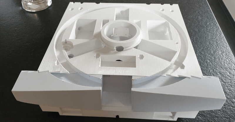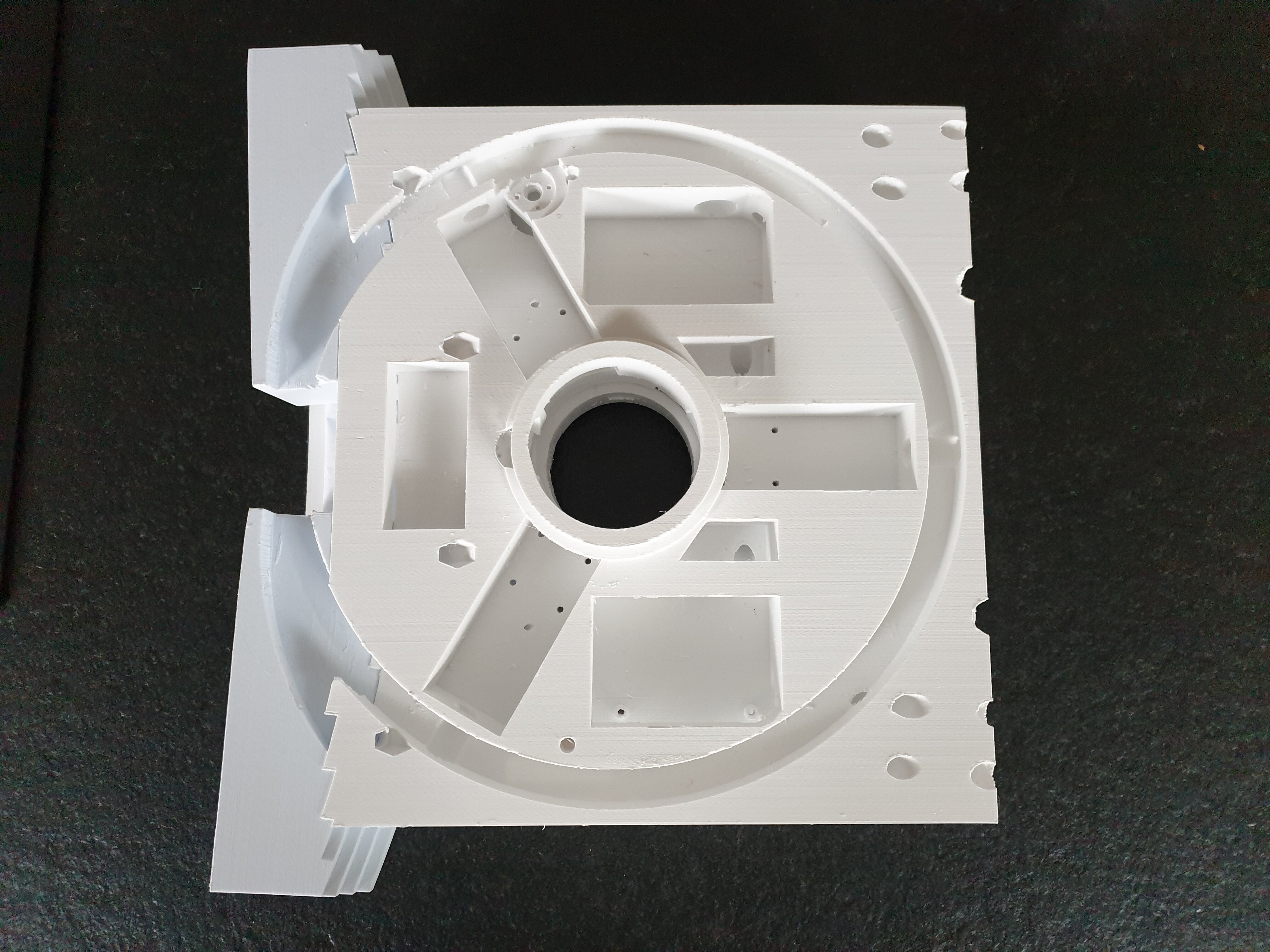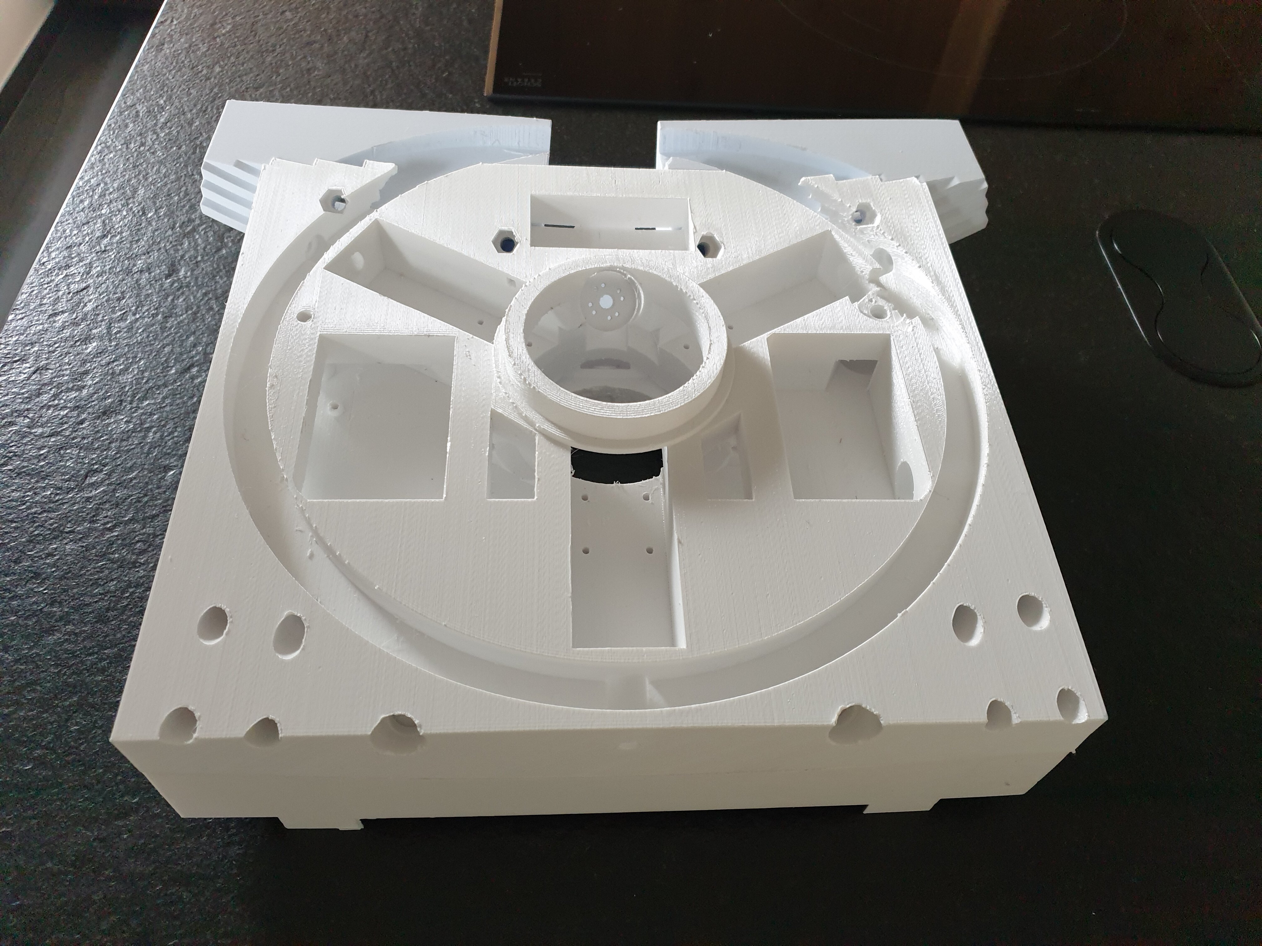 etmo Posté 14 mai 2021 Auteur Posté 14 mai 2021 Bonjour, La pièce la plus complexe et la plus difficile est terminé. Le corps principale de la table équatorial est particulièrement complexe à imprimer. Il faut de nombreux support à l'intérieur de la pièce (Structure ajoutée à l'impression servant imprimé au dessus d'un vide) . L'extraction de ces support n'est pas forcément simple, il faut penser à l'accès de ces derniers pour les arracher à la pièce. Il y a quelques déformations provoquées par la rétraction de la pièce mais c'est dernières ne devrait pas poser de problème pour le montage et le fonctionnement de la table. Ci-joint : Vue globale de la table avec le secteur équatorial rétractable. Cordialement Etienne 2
---
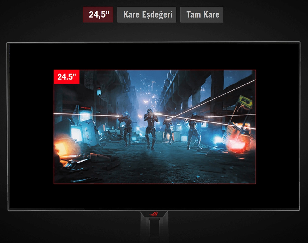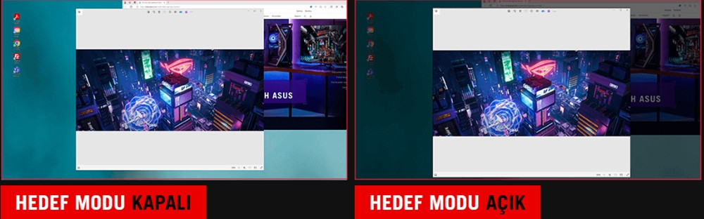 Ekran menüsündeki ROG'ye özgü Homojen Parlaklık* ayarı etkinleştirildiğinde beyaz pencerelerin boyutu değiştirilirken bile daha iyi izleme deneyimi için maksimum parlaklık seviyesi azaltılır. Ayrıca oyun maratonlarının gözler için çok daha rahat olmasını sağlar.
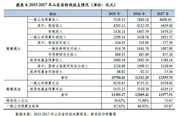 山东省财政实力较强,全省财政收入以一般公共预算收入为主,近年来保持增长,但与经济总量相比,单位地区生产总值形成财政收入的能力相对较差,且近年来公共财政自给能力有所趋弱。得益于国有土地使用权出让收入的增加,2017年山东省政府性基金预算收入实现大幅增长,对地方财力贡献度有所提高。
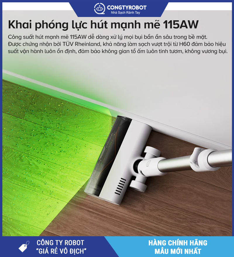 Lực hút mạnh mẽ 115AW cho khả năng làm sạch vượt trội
--
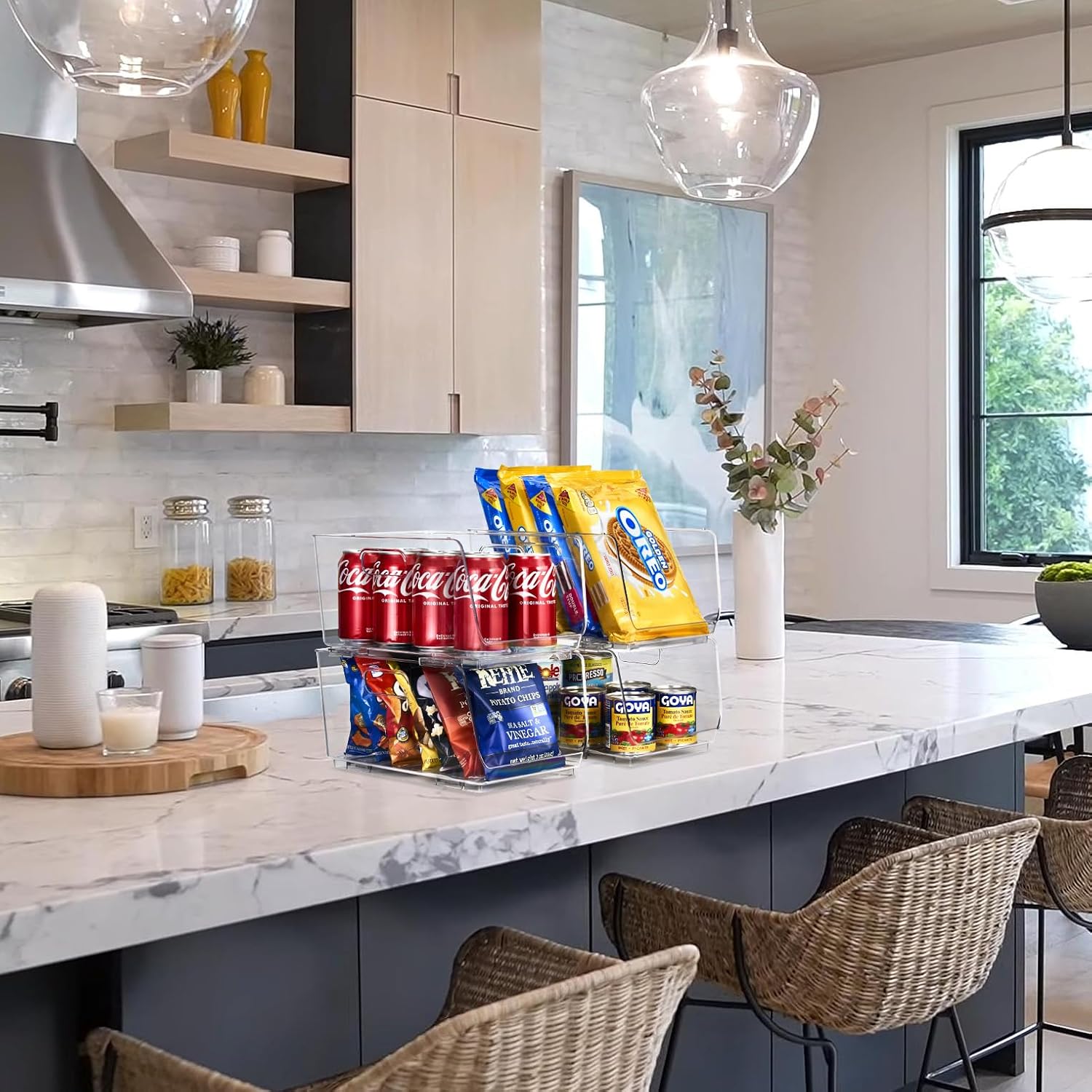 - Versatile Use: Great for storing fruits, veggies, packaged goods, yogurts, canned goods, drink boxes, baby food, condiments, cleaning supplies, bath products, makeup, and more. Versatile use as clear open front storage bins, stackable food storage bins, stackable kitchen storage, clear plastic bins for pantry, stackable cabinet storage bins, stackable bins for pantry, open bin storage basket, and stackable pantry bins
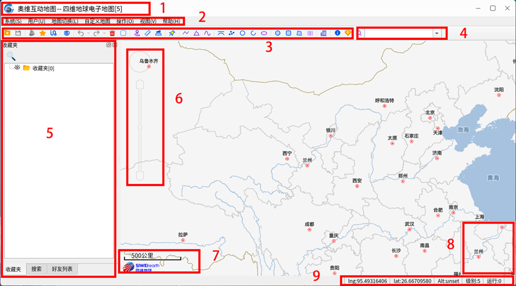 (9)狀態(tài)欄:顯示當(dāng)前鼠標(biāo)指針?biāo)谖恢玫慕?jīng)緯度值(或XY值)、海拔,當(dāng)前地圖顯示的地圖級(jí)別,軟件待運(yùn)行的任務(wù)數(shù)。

▶ [Exercise objective]:
Keep to the stretch from the line containing "- Versatile Use: Great" through the line containing "(9)狀態(tài)欄:顯示", both ends included, and copy it exactly from the listing above, minus the pictures.

▶ [Response to the exercise]:
 - Versatile Use: Great for storing fruits, veggies, packaged goods, yogurts, canned goods, drink boxes, baby food, condiments, cleaning supplies, bath products, makeup, and more. Versatile use as clear open front storage bins, stackable food storage bins, stackable kitchen storage, clear plastic bins for pantry, stackable cabinet storage bins, stackable bins for pantry, open bin storage basket, and stackable pantry bins
 (9)狀態(tài)欄:顯示當(dāng)前鼠標(biāo)指針?biāo)谖恢玫慕?jīng)緯度值(或XY值)、海拔,當(dāng)前地圖顯示的地圖級(jí)別,軟件待運(yùn)行的任務(wù)數(shù)。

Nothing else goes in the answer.